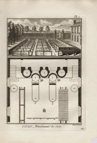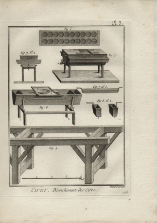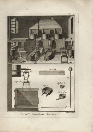 Изготовление свечей и воска, Дидро. Редкая антикварная гравюра XVIII века
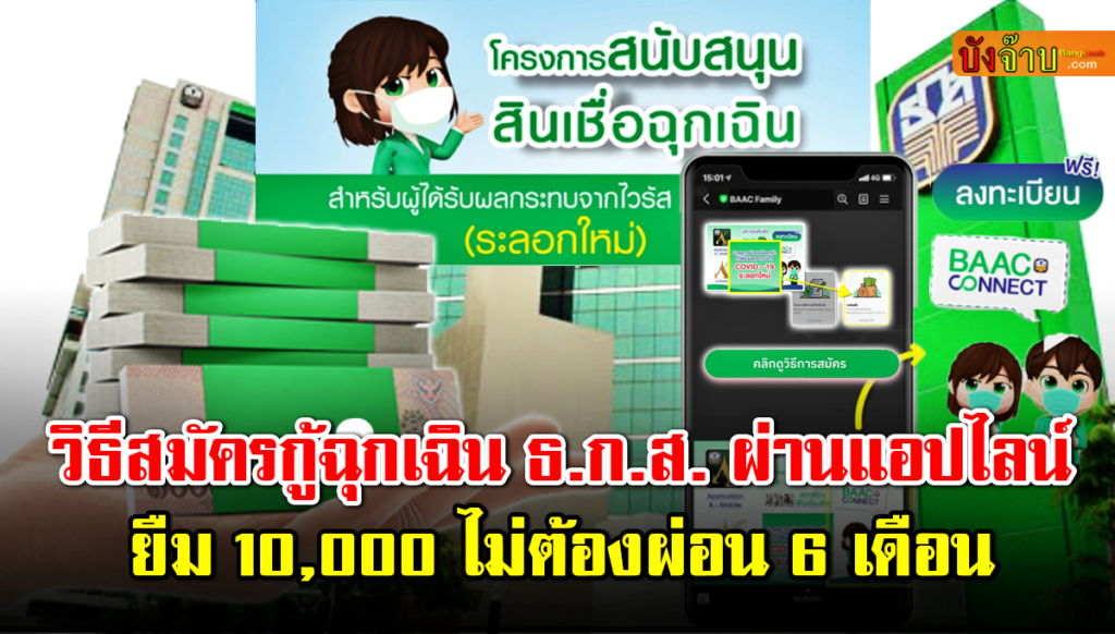 วันนี้ทาง Bang jaab.com มีข่าวดีมาบอก สำหรับ ผู้ที่ได้รับผลกระทบจากสถานการณ์การแพร่ระบาดของไวรัส โควิด 19 ระลอกใหม่ และกำลังต้องการหาบริการ สินเชื่อเงินให้กู้ยืม เพื่อนำมาใช้จ่ายในยามฉุกเฉินเช่นนี้ โดยทาง ธนาคารเพื่อการเกษตรและสหกรณ์การเกษตร (ธ.ก.ส.) ขยายเวลาเปิดรับคำขอสินเชื่อฉุกเฉินให้ กู้ยืมเงิน ได้รายละไม่เกิน 10,000 บาท ไม่ต้องใช้หลักประกัน ปลอดหนี้เงินต้น 6 เดือน
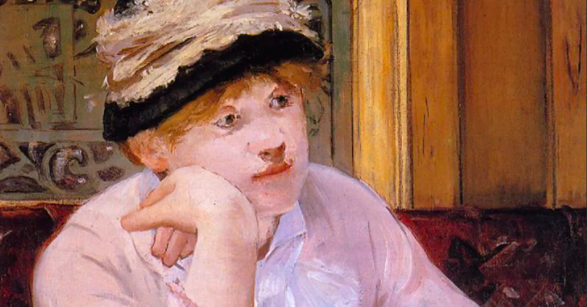 An 1878-9 oil on canvas painting, La Prune (The Plum), by Edouard Manet (1832-83), the French modernist painter. Named after the dessert the girl is eating, this work shows a working woman, perhaps a shop assistant, lost in thought in a café. (National Gallery of Art, Washington, U.S.A.)
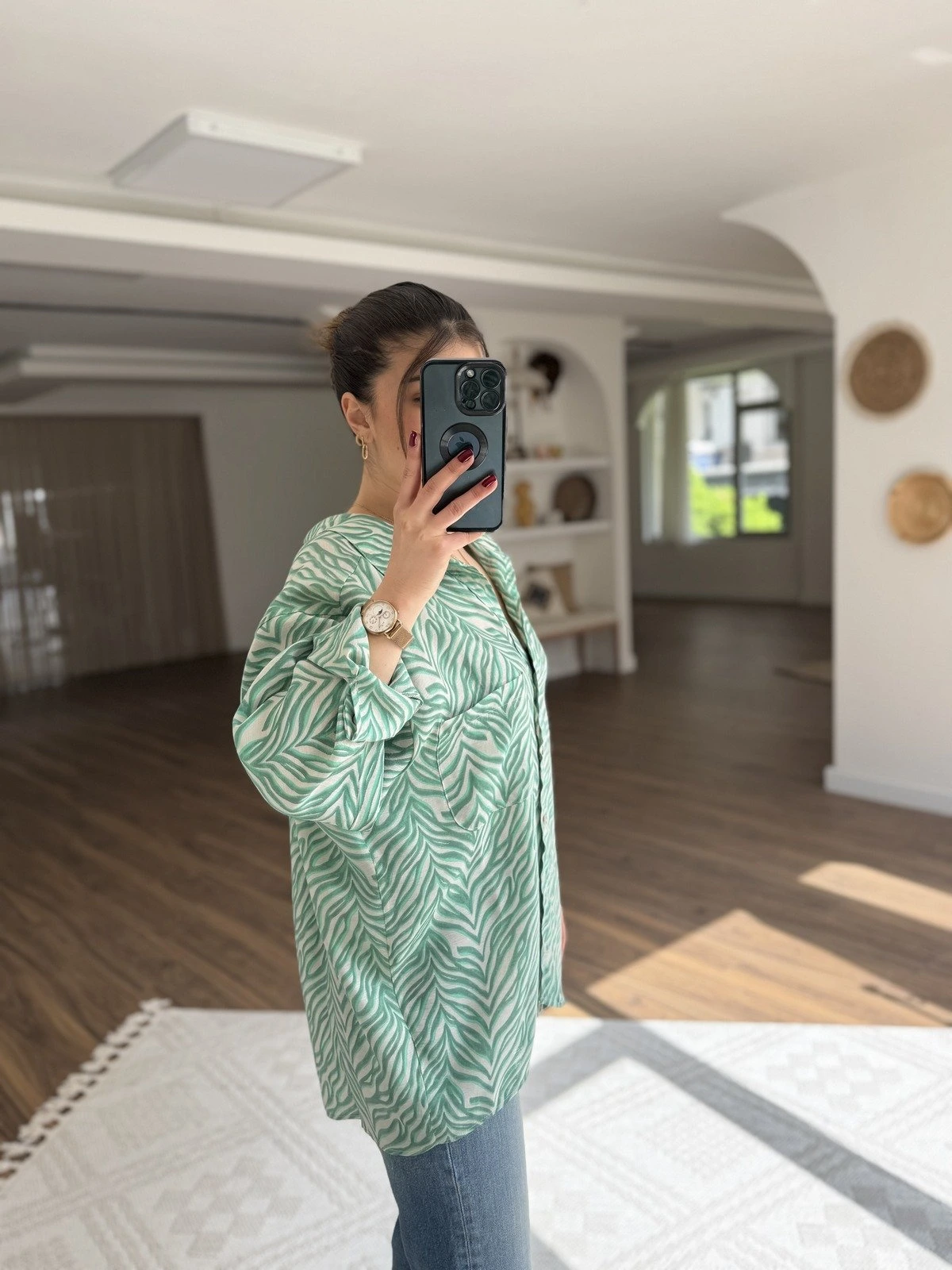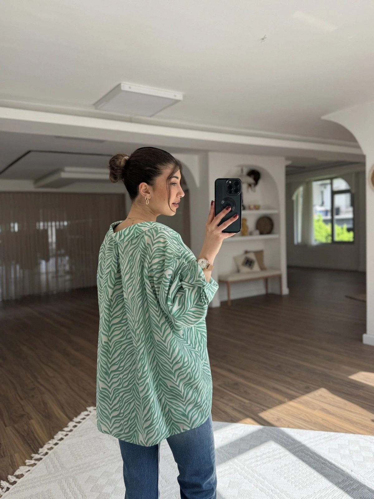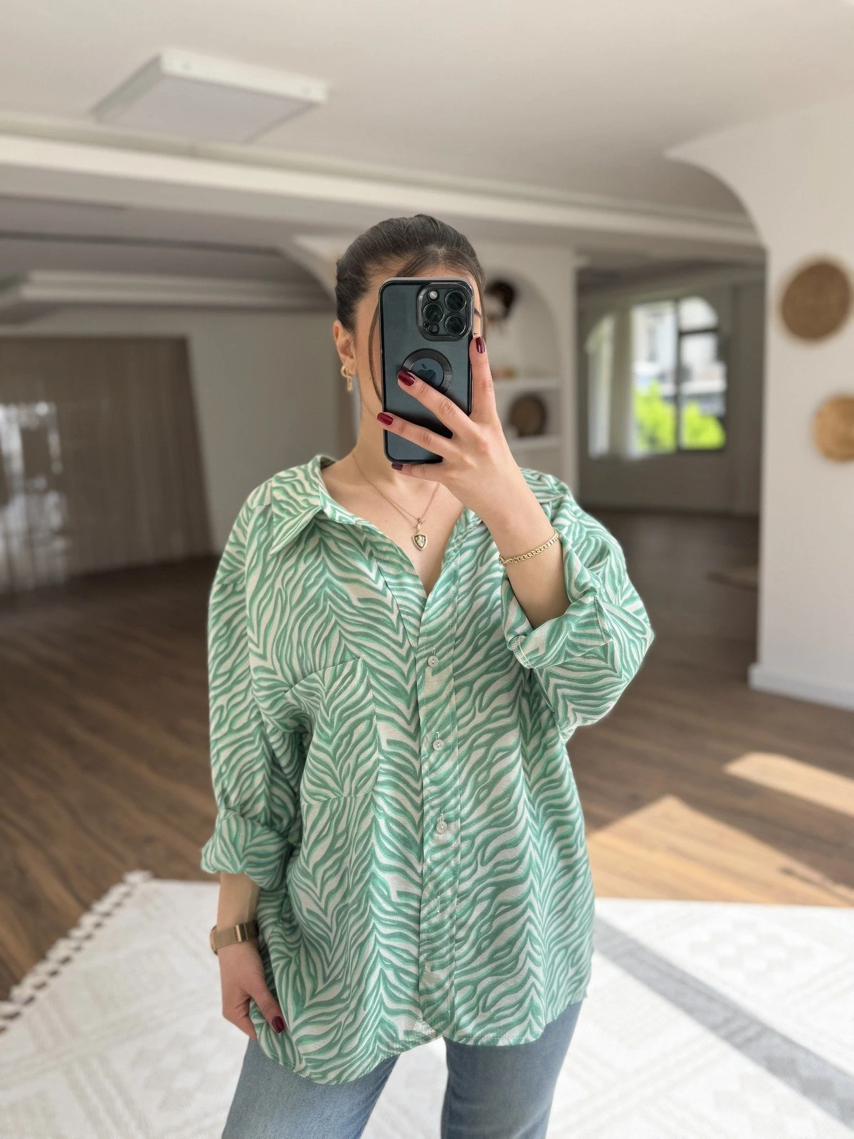 DESENLİ ARKA PİLE OVERSİZE MODAL GÖMLEK – ZÜMRÜT YEŞİL
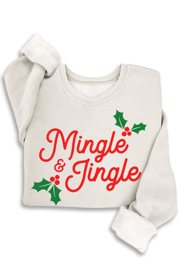 Supersoft pullover sweatshirt in white with "Mingle Jingle" graphic.
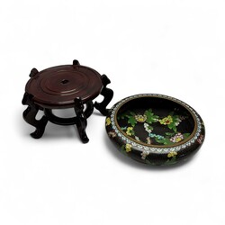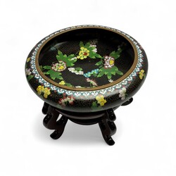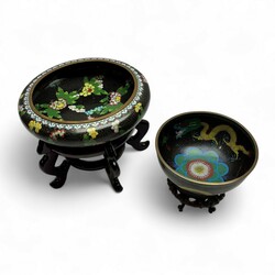 | Kavel | 561. Lot van twee Chinees cloisonné kommen op houten standaard |
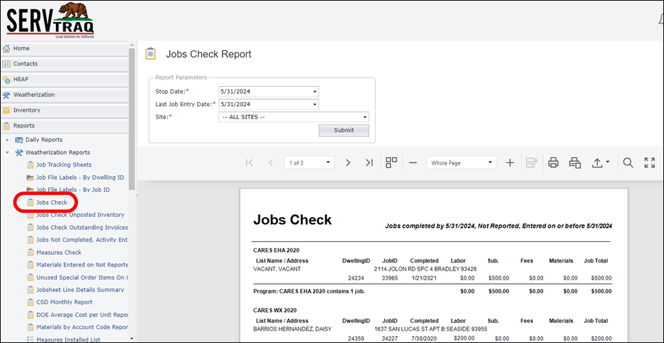 Step 2: Go to Weatherization > Weatherization Admin > Job Reporting
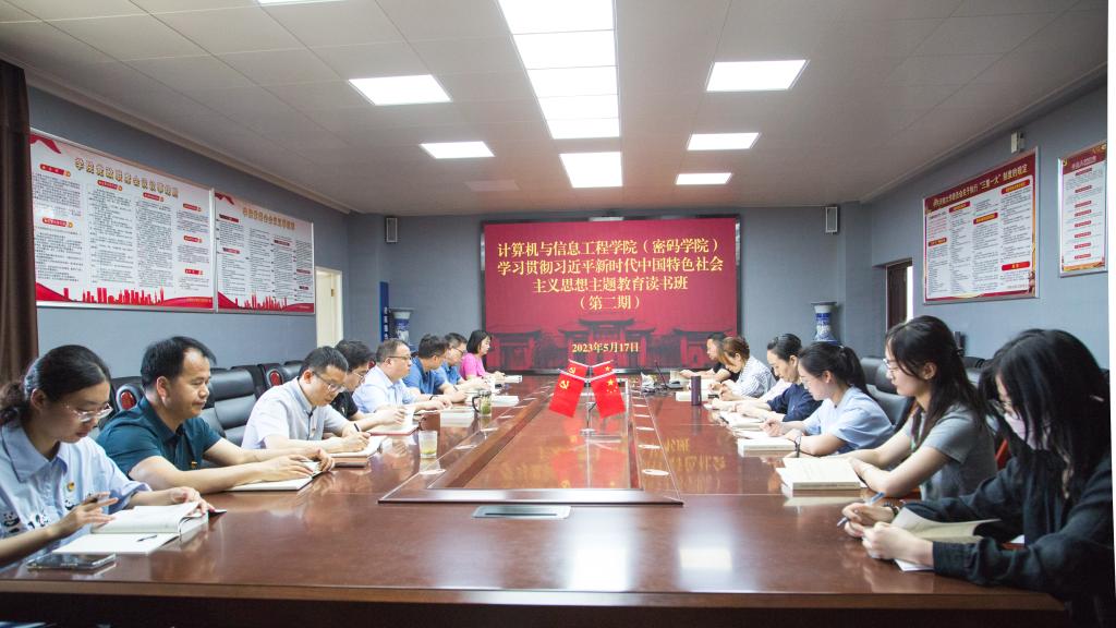 (密码学院)举办主题教育第二期读书班。读书班通过个人自学、集中学习、专题辅导、专题研讨等多种形式相结合,深入学习贯彻习近平新时代中国特色社会主义思想。
_ _ _ _
● **To do**:
Repeat the entries exactly and keep the pictures out of the copy.

● **Response area**:
 Изготовление свечей и воска, Дидро. Редкая антикварная гравюра XVIII века
 วันนี้ทาง Bang jaab.com มีข่าวดีมาบอก สำหรับ ผู้ที่ได้รับผลกระทบจากสถานการณ์การแพร่ระบาดของไวรัส โควิด 19 ระลอกใหม่ และกำลังต้องการหาบริการ สินเชื่อเงินให้กู้ยืม เพื่อนำมาใช้จ่ายในยามฉุกเฉินเช่นนี้ โดยทาง ธนาคารเพื่อการเกษตรและสหกรณ์การเกษตร (ธ.ก.ส.) ขยายเวลาเปิดรับคำขอสินเชื่อฉุกเฉินให้ กู้ยืมเงิน ได้รายละไม่เกิน 10,000 บาท ไม่ต้องใช้หลักประกัน ปลอดหนี้เงินต้น 6 เดือน
 An 1878-9 oil on canvas painting, La Prune (The Plum), by Edouard Manet (1832-83), the French modernist painter. Named after the dessert the girl is eating, this work shows a working woman, perhaps a shop assistant, lost in thought in a café. (National Gallery of Art, Washington, U.S.A.)
 DESENLİ ARKA PİLE OVERSİZE MODAL GÖMLEK – ZÜMRÜT YEŞİL
 Supersoft pullover sweatshirt in white with "Mingle Jingle" graphic.
 | Kavel | 561. Lot van twee Chinees cloisonné kommen op houten standaard |
 Step 2: Go to Weatherization > Weatherization Admin > Job Reporting
 (密码学院)举办主题教育第二期读书班。读书班通过个人自学、集中学习、专题辅导、专题研讨等多种形式相结合,深入学习贯彻习近平新时代中国特色社会主义思想。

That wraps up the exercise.